Posts matching tags 'cafés'

2009/12/21

Half a decade ago, I lived in North Fitzroy. On weekends, I would spend my afternoons sitting in a local café, the Tin Pot, with my laptop. The Tin Pot was a groovy sort of place, taking up two Victorian shop units; its walls were plastered with gig flyers, the staff were young and hip, and the music (which, more often than not, the staff brought in) was an edgy and eclectic mix of what was cool, ranging from PJ Harvey to Prince to local indie and hip-hop. The Tin Pot soon became my Moon Under Water of cafés, the ur-café to define the experience of the café as an agreeable place to spend time, an ideal for one part of living.

This afternoon, being in Melbourne, I made my way back to North Fitzroy, laptop in my backpack, with a view of spending an hour or so in the old haunt. I had heard various rumours of it having been gentrified somewhat, but was still shocked at what I found.

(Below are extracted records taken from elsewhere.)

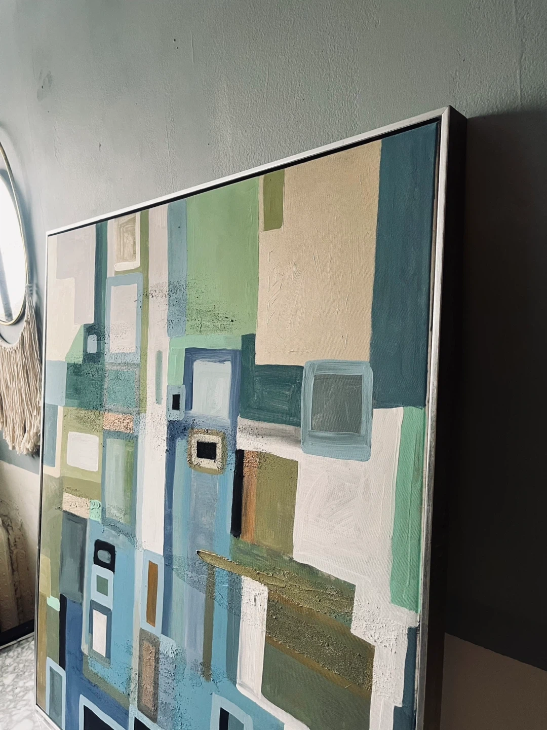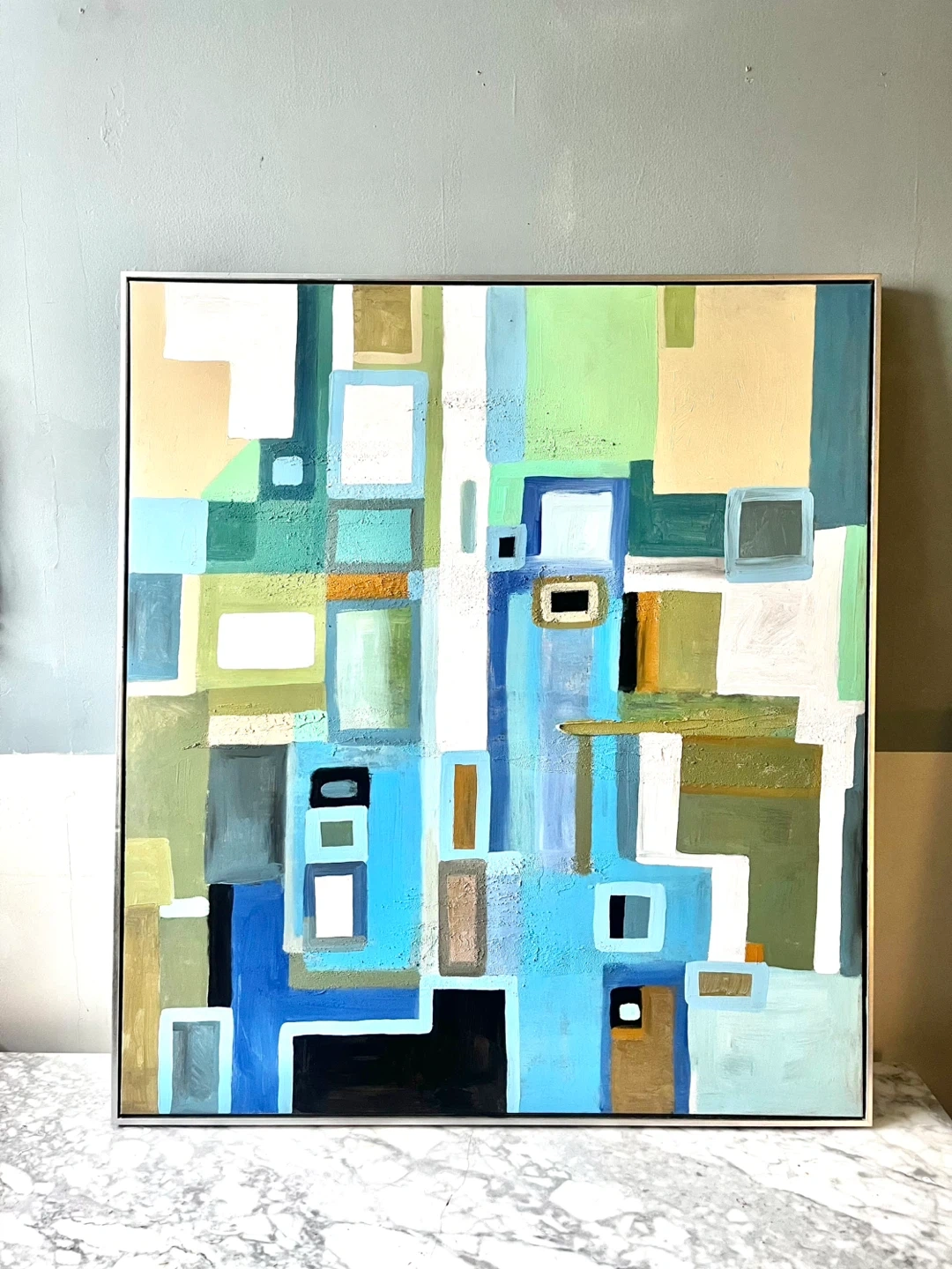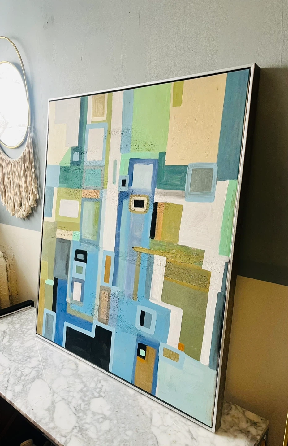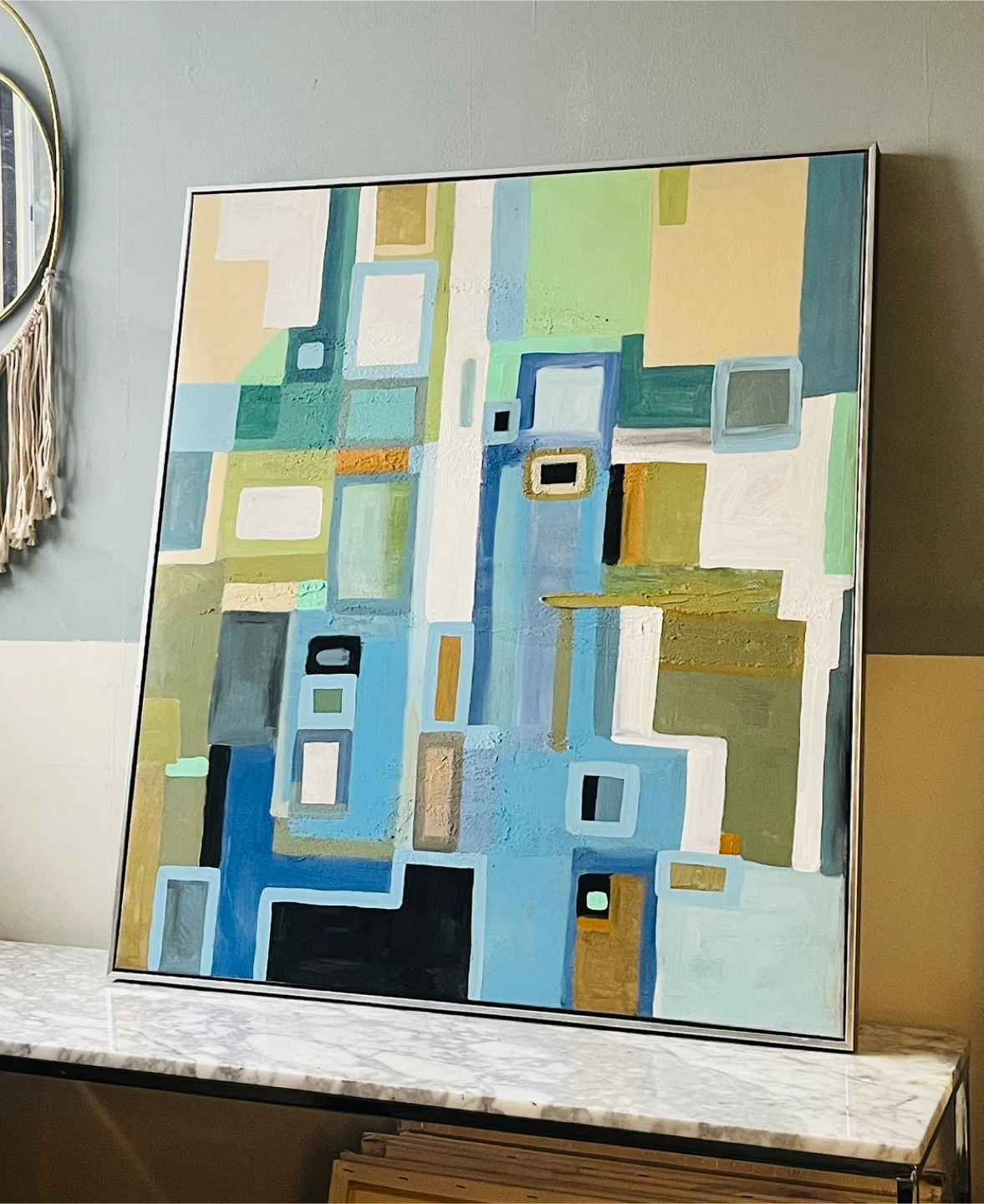 Here's a lovely abstract geometric piece of wall art. It features a mix of blue, green, beige, and brown tones. The painting comes framed and is ready to be hung up in your home! Hand painted this isn’t a print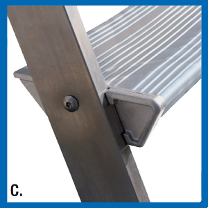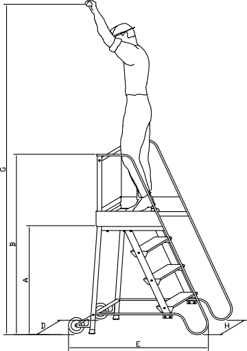Dans cette version, l’escabeau se déplace simplement en le poussant et se bloque avec le poids de l’opérateur.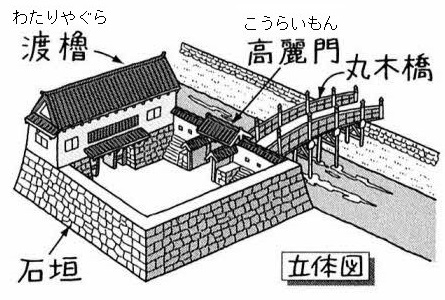 江戸時代の牛込橋は、牛込御門と一体として構成され、防御の観点から、木製の橋でした。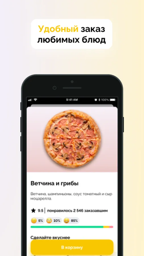 Мы быстро приготовим ваш заказ, оперативно передадим его курьеру и привезем вам пиццу до двери еще горячей. Если что-то пойдет не так, то пицца в подарок.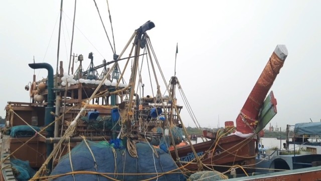 Mongla, Oct 18 (V7N) – The Bangladesh Navy has detained 14 Indian fishermen along with their fishing trawler for illegally entering Bangladesh’s territorial waters in the Bay of Bengal and fishing without authorization. The captured vessel was brought to the Digraj Naval Base in Mongla at around 5:30 p.m. on Saturday. The process of handing the detainees and their trawler over to the local police was underway later that night.

It's still there, and still named the Tin Pot, but is a different place. Gone are the flyers, the 1950s laminate tables, the funky décor and cool music. The walls are now whitewashed, unsullied by the evidence of urban life, the rooms filled with wooden dining tables that underscore that this is a place for respectable grownups with busy lives to eat, not a place to hang out. The stereo plays, at a respectably sedate volume, a music which could be best described as "contemporary easy listening"; a combination of the most unthreateningly obvious end of 1960s soul, of the sort one might find on a K-Tel compilation, and imitations thereof (I counted two Bee Gees songs); it had a mildly anaesthetic quality to it, chosen to soothe and reassure, never stimulate. The staff are attired in uniform black, and what clientele there was was north of the mid-30s, with nobody anyone could accuse of being a "hipster" or "coolsie". It looked like a genteel tea room near Hampstead Heath, or perhaps in one of the faux-English parts of the Dandenongs.

In retrospect, the signs were there in February, when I last visited; while the tables and flyers were still there, the fruit-shaped lights were gone from the window, the music was a bit more generic, and the clientele were a bit older, often with babies in tow. I wasn't expecting such a complete metamorphosis, though.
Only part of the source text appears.